Consider the following algorithm:
1. input n
2. print n
3. if n = 1 then STOP
4. if n is odd then n <- 3n + 1
5. else n <- n / 2
6. GOTO 2
Given the input 22, the following sequence of numbers will be printed 22 11 34 17 52 26 13 40 20 10 5 16 8 4 2 1
It is conjectured that the algorithm above will terminate (when a 1 is printed) for any integral input value. Despite the simplicity of the algorithm, it is unknown whether this conjecture is true. It has been verified, however, for all integers n such that 0 < n < 1,000,000 (and, in fact, for many more numbers than this.)
Given an input n, it is possible to determine the number of numbers printed (including the 1). For a given n this is called the cycle-length of n. In the example above, the cycle length of 22 is 16.

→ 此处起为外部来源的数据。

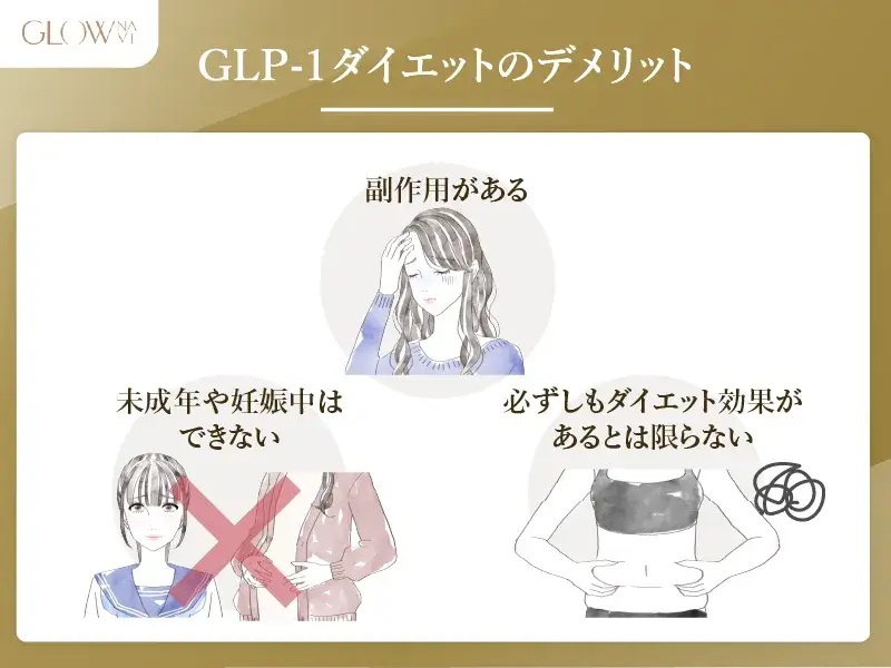ただし、GLP-1ダイエットには副作用として、吐き気や下痢、便秘などが報告されているので注意が必要です。

For any two numbers i and j you are to determine the maximum cycle length over all numbers between i and j.
Input
The input will consist of a series of pairs of integers i and j, one pair of integers per line. All integers will be less than 1,000,000 and greater than 0.
You should process all pairs of integers and for each pair determine the maximum cycle length over all integers between and including i and j.
You can assume that no opperation overflows a 32-bit integer.。
Output
For each pair of input integers i and j you should output i, j, and the maximum cycle length for integers between and including i and j. These three numbers should be separated by at least one space with all three numbers on one line and with one line of output for each line of input. The integers i and j must appear in the output in the same order in which they appeared in the input and should be followed by the maximum cycle length (on the same line).
Sample Input
1 10
100 200
201 210
900 1000
Sample Output
1 10 20
100 200 125
201 210 89
900 1000 174
理解
首先要对a,b两个数字进行排序,然后建立一个从min 到 max的循坏,代表对a-b所有的数字进行遍历。
按照题目要求写个判断,最后输出最小的循环次数。
AC代码
#include <bits/stdc++.h>
using namespace std;
int main()
{
long long a,b,max,min;
while(~scanf("%lld%lld",&a,&b))
{
long long i,flag,t,max0 = 0;
if(a > b)
{
max = a;
min = b;
}
else{
max = b;
min = a;
}
for(i = min;i<=max;i++)
{
flag = 1;
t = i;
while(t > 1)
{
if(t % 2 == 0)
t = t / 2;
else
t = t * 3 + 1;
flag++;
}
if(max0<=flag)
max0 = flag;
}
printf("%d %d %d",a,b,max0);
printf("\n");
}
return 0;
}
F-整除的尾数(HDU-2099)
一个整数,只知道前几位,不知道末二位,被另一个整数除尽了,那么该数的末二位该是什么呢?
Input
对应每组数据,将满足条件的所有尾数在一行内输出,格式见样本输出。同组数据的输出,其每个尾数之间空一格,行末没有空格。
Output
对于每个测试实例n,要求输出多项式前n项的和。每个测试实例的输出占一行,结果保留2位小数。
Sample Input
200 40
1992 95
0 0
Sample Output
00 40 80
15
理解
本题要求写出最后的两位数,我们只需将题目给我们的数乘100之后再加上0-99直接的数字,
看是否能被给定的数字整除即可。值得注意的是,题目要求结尾没有空格,所以需要加一个flag来控制空格
的输出。
AC代码
#include <bits/stdc++.h>
using namespace std;
int main()
{
int a,b,j = 0,x,f = 0;
while(~scanf("%d%d",&a,&b))
{
if(a==0&&b==0)
break;
f = 0; //定义初始值为0,为了区分第一个数,即如果只有一个结果就不输出空格,反之输出
for(int i = 0;i < 100;i++){
x = a * 100 + i;
if(x % b == 0){
if(f) //如果f != 0就执行
printf(" ");
printf("%02d",i);
f++;
}
}
printf("\n");
}
return 0;
}
F-WERTYU
A common typing error is to place the hands on the keyboard one row to the right of the correct position. So ‘Q’ is typed as ‘W’ and ‘J’ is typed as ‘K’ and so on. You are to decode a message typed in this manner.
Input
Input consists of several lines of text. Each line may contain digits, spaces, upper case letters (except
Q, A, Z), or punctuation shown above [except back-quote (‘)]. Keys labelled with words [Tab, BackSp,
Control, etc.] are not represented in the input.
Output
You are to replace each letter or punction symbol by the one immediately to its left on the ‘QWERTY’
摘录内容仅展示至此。